Johan> * (time (test-ff))
Johan> Compiling LAMBDA NIL: Compiling Top-Level Form: Evaluation
Johan> took:
Johan> 60.03 seconds of real time
Johan> 0.0 seconds of user run time
Johan> 0.0 seconds of system run time
Johan> 0 page faults and 23209144 bytes consed.
Johan> NIL
On an Ultra-1 I have here, it only takes 11 sec to run. What version
of CMUCL are you running? This is 18a plus some stuff.
However, you should get MUCH better times if you compile the Lisp
code. When I just compile the def-alien-routine, the time goes from
11 sec to 0.05 sec and only 24000 bytes consed. If I also compile
test-ff, the time drops to 0.001 sec and only 48 bytes consed. This
doesn't seem too slow to me.
Ray
Raymond Toy <···@rtp.ericsson.se> writes:
>
> >>>>> "Johan" == Johan Parin <······@uab.ericsson.se> writes:
>
>
>
> On an Ultra-1 I have here, it only takes 11 sec to run. What version
> of CMUCL are you running? This is 18a plus some stuff.
>
> However, you should get MUCH better times if you compile the Lisp
> code. When I just compile the def-alien-routine, the time goes from
> 11 sec to 0.05 sec and only 24000 bytes consed. If I also compile
> test-ff, the time drops to 0.001 sec and only 48 bytes consed. This
> doesn't seem too slow to me.
>
On top of that, I fail to see the point of using the FFI to do "low
level i/o" in CMUCL. The code you will come up with will be
unportable anyway, so why not just use the UNIX interface in CMUCL?

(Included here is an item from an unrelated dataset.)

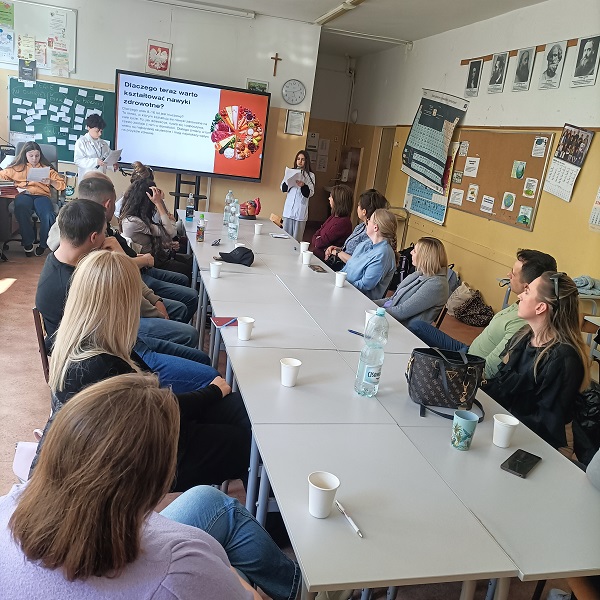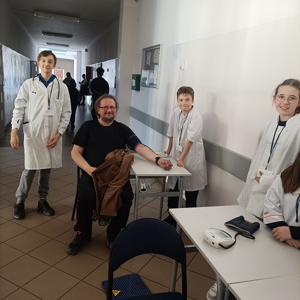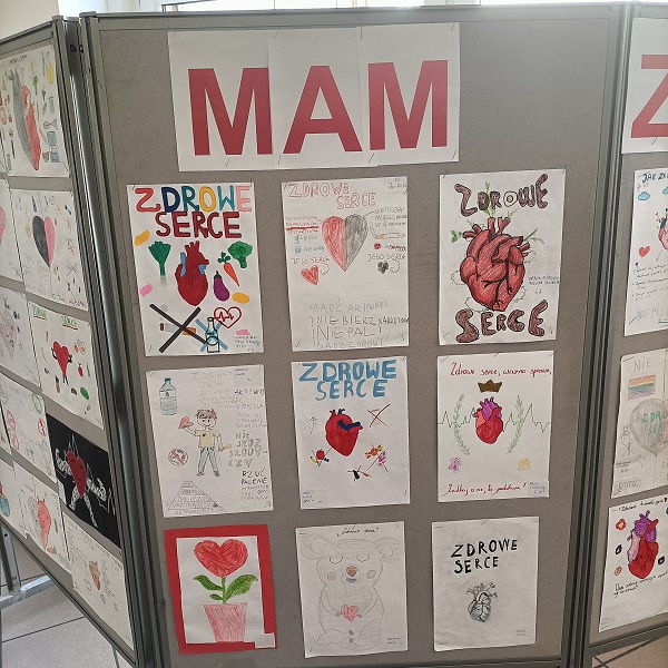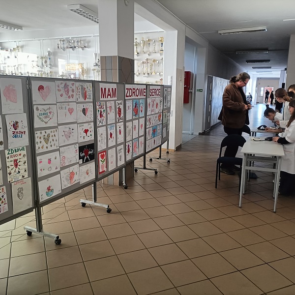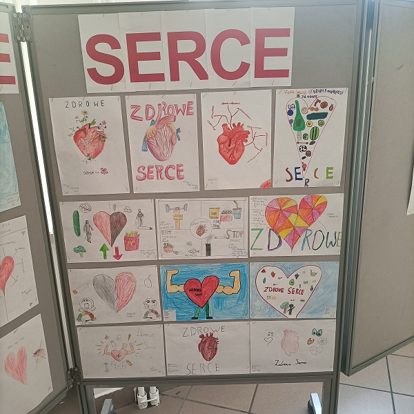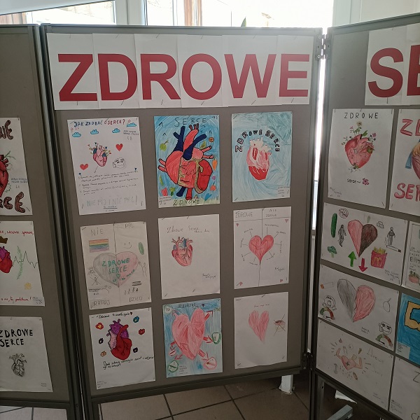 W dniach 20 - 24.04 2026 r. zaplanowano szkolne obchody "Tygodnia dla serca" w ramach szkolnych "Dni Promocji Zdrowia". W tym roku wszystkie inicjatywy miały związek z sercem, jego funkcjonowaniem i dbałością o zdrowie serca. Na dolnym holu pojawiła się wystawa prac uczniowskich "Mam zdrowe serce", na którą złożyły się prace plastyczne wykonane przez uczniów klas 4-7 w ramach zajęć plastycznych. Jak można się domyślić, nasze obchody zaczęły się już wcześniej - na lekcjach plastyki, kiedy to uczniowie te prace tworzyli. 21.04 (wtorek) odbyły się zebrania dla rodziców dzieci z klas 4-8, na których rodzice częstowali byli przez ich dzieci herbatką z melisy dla wyciszenia i relaksu, oraz wodą. Rodzice mogli również zmierzyć sobie ciśnienie i określić BMI. W punkcie pomiarowym pracowały dwa zespoły uczniów z Koła Biologicznego, aby sprawnie obsłużyć wszystkich chętnych. Rodzice klasy 5a mogli obejrzeć premierę prezentacji przygotowanej na następny dzień, w ramach której wskazano najlepsze i najgorsze dla serca elementy stylu życia.

Moreover, CMUCL will have READ- and WRITE-SEQUENCE very soon.
--
Marco Antoniotti
==============================================================================
California Path Program - UC Berkeley
Richmond Field Station
tel. +1 - 510 - 231 9472
From: Johan Parin
Subject: Re: FF interface in CMU CL - horribly inneficient?
Date:
Message-ID: <kviuuo355m.fsf@uab.ericsson.se>
Raymond Toy writes:
<snip>
Raymond> On an Ultra-1 I have here, it only takes 11 sec to run.
Raymond> What version of CMUCL are you running? This is 18a plus
Raymond> some stuff.
I'm using an 18a version that I picked up at www.cons.org a few months
ago. This time it took 22 seconds... The test-ff routine is
compiled. I had not compiled the def-alien-routine form. When I did
that, I got down to 0.0 seconds and 48 bytes consed, so this is
apparently the trick.
Raymond> However, you should get MUCH better times if you compile
Raymond> the Lisp code. When I just compile the def-alien-routine,
Raymond> the time goes from 11 sec to 0.05 sec and only 24000 bytes
Raymond> consed. If I also compile test-ff, the time drops to 0.001
Raymond> sec and only 48 bytes consed. This doesn't seem too slow
Raymond> to me.
Raymond> Ray
So the specific problem I described is solved by compiling the
def-alien-routine form. However there is another (more worrying)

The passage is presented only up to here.